All four Tennessee law schools now offer clinical courses in
which students in their third year of law school observe and assist
in the work of state or federal judges, or (with the permission
of the Tennessee Supreme Court) represent clients under the close
supervision of an attorney who is sometimes also a member of the
faculty.
At points on the legal education continuum subsequent to law
school, other important developments have recently taken place
in Tennessee:
? Chapters of the American Inns of Court have been established
in Memphis, Nashville and Knoxville. Patterned on the British
model, the Inns of Court bring together judges, expert and novice
trial attorneys, law professors and law students, to facilitate
the transmission of wisdom and knowledge about the profession.
? All new admittees to the bar in Tennessee must take and pass
the Multistate Professional Responsibility Examination, which
tests for detailed knowledge of the profession's ethical canons.
? It is now a condition of maintaining a law license in Tennessee
that every lawyer take 15 hours of continuing legal education
annually, including three hours devoted specifically to professional
ethics.
New Directions
The judicial system envisioned by the Commission will impose
new standards on lawyers in several areas in particular: the interpersonal
aspects of lawyering; skill in resolving legal disputes by negotiation
and other means short of trial; and the wise and efficient conduct
of lawsuits.
The key to meeting the challenge of preparing lawyers to function
effectively in the system of the future will be collaboration
between law schools and the practicing bar along the whole continuum.

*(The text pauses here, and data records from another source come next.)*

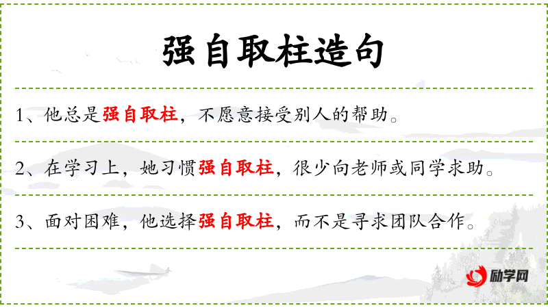 句子:“在学上,她惯强自取柱,很少向老师或同学求助。”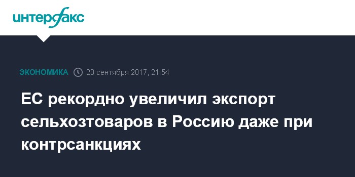 Москва. 20 сентября. INTERFAX.RU - Еврокомиссия сообщила о рекордном росте экспорта из ЕС в Россию сельскохозяйственной продукции за счет продажи товаров, не затронутых российскими контрсанкциями.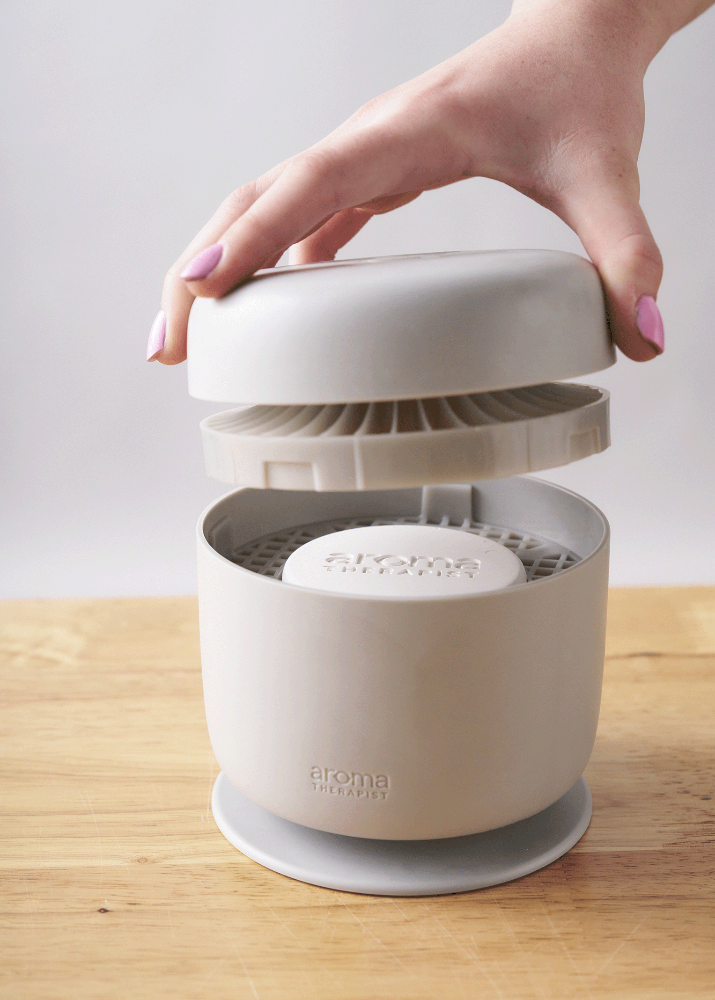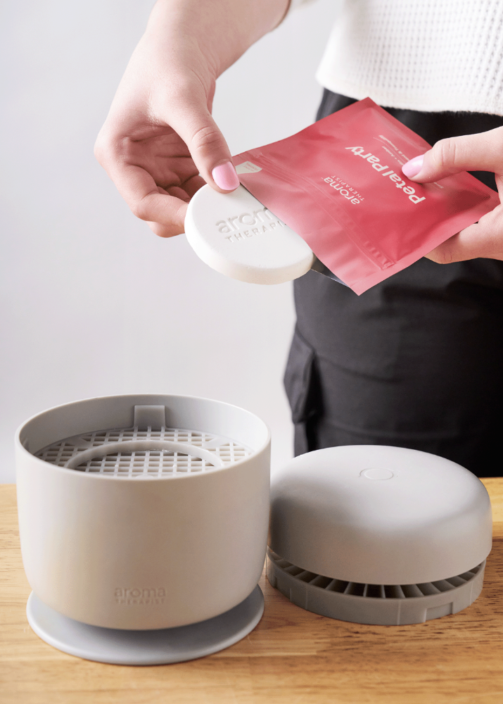 AromaPucks are pre-scented with fragrances curated to bring calm to the chaos. No water, oily residue, wax, or smoke, just weightless bliss.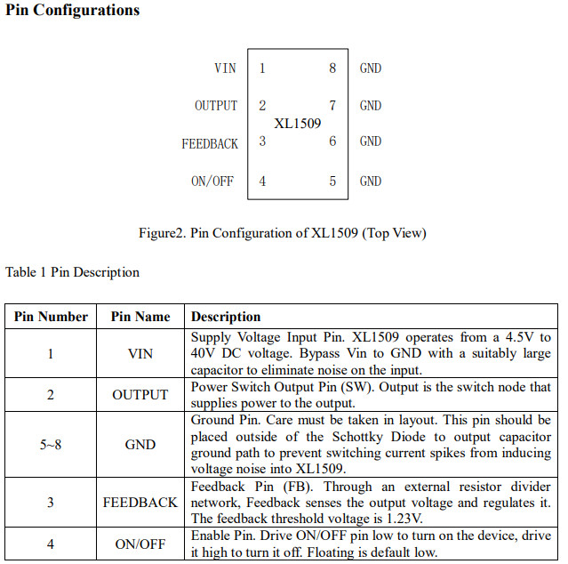 XL1509-5 là IC hạ áp(buck) DC-DC với tần số băm xung cao lên đến 150 KHz cho khả năng chịu tải cao lên tới 2A và có gợn thấp. Với phạm vi điện áp đầu vào rộng từ 4,5-40V. Bên trong IC XL1509-5 được thiết kế tối ưu hóa để các transitor công suất tích hợp trong đó được hiệu quả cao, ngoài ra IC XL1509-5 còn có chức năng bảo vệ quá nhiệt.

Such collaboration could take many forms. These in particular
seem to us to be worth pursuing:
? Increased exposure for law students to the client's perspective
on the law, the legal system and lawyers. Good clinical work,
in which students represent clients in actual disputes under the
careful supervision of experienced attorneys, is a proven vehicle
for this, but other alternatives should be carefully investigated.

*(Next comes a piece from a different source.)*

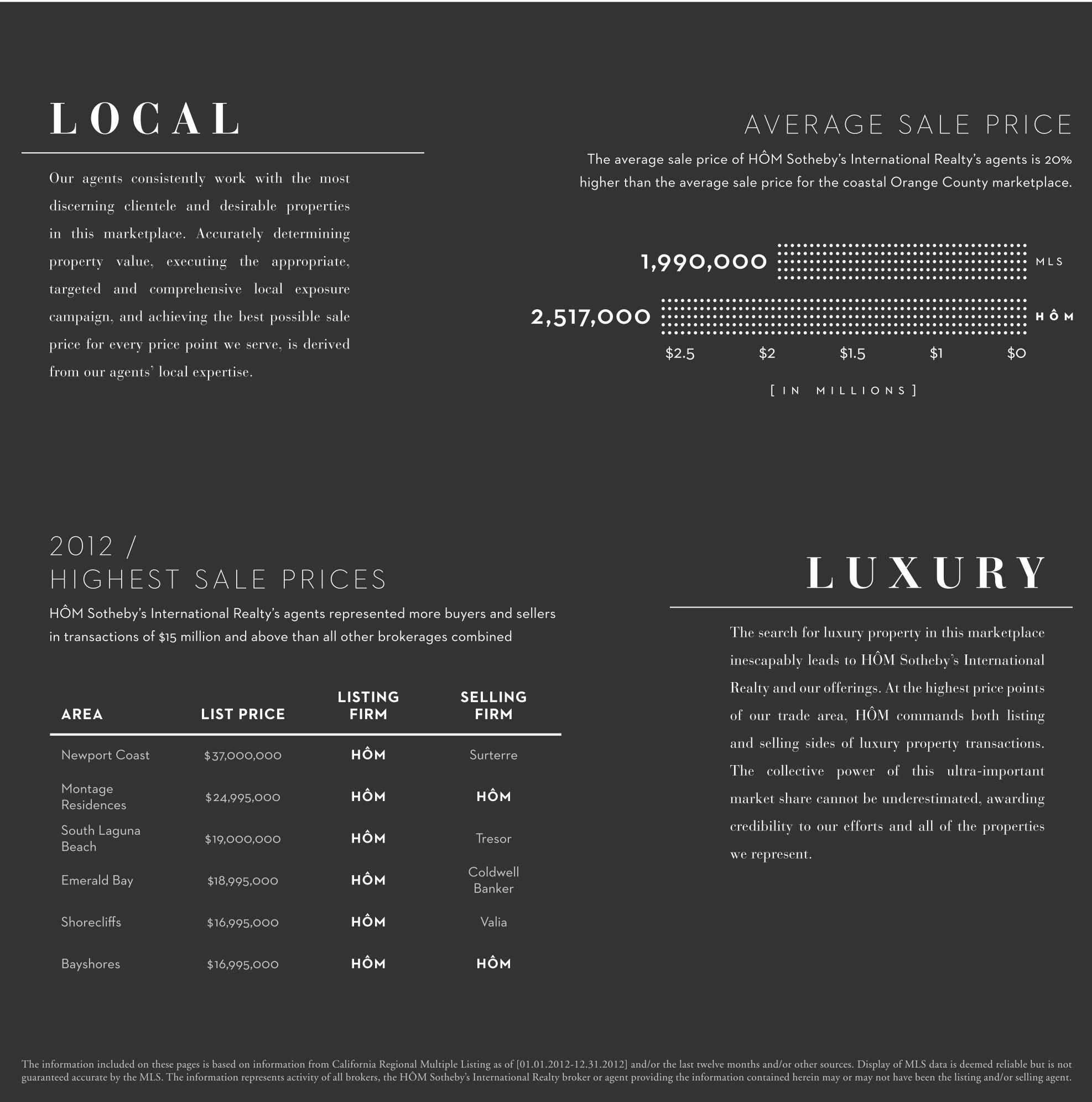 The information included on these pages is based on information from California Regional Multiple Listing as of [01.01.2012-12.31.2012] and/or the last twelve months and/or other sources. Display of MLS data is deemed reliable but is not guaranteed accurate by the MLS. The information represents activity of all brokers, the HÔM Sotheby’s International Realty broker or agent providing the information contained herein may or may not have been the listing and/or selling agent.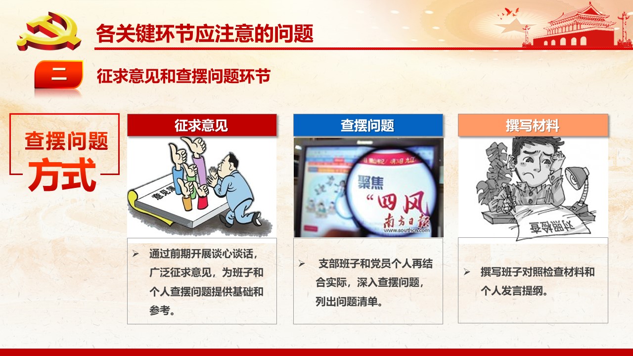 会前:1.组织学习;2.谈心谈话(征求意见);3.查摆问题(撰写发言)。

? Development of a code of good practice for clerking relationships,
encouraging lawyers to provide the students they employ with experiences
that will help the students grasp what the practice of law really
entails.
? Integration of negotiation and alternative dispute resolution
into the core law school curriculum. Requiring that all students
take courses in these areas would be one means of accomplishing
that, but only one. There is no apparent reason why negotiation,
mediation and other forms of settlement could not be woven into
the basic framework of the curriculum as trials and appeals are
now.
? Training for law students and new lawyers in trial skills beyond
the basics. For example, many novice attorneys are familiar with
tools in the trial lawyer's kit, such as the forms of discovery
in civil cases, but have no real conception of how to use them
sparingly and economically.
? Access for law students and new lawyers to instruction in the
mechanics, and particularly the economics, of law practice. Many
mistakes lawyers make in their relationships with clients stem
from economic pressures that result in part from lack of knowledge
as to how to run a law practice in a businesslike way.
? Continuing discussion between the law schools and the Board
of Law Examiners concerning what to test for on the bar examination.
Students' course choices in law school are heavily influenced
by what is "on the bar." If skills are important, testing for
those skills on the bar exam will send an important message.
? Serious, high-grade, mandatory continuing legal education for
new lawyers, emphasizing essential skills and knowledge that cannot
be effectively conveyed in three years of law school.
? Programs at every level that sustain and rekindle the idealism
many lawyers-in-training bring when they embark on the study of
law.
We offer these suggestions not as items on a fixed agenda, but
as areas for joint exploration by law schools and the organized
bar, as the judicial system in Tennessee evolves toward the fulfillment
of its potential as a just, fair and humane system for all.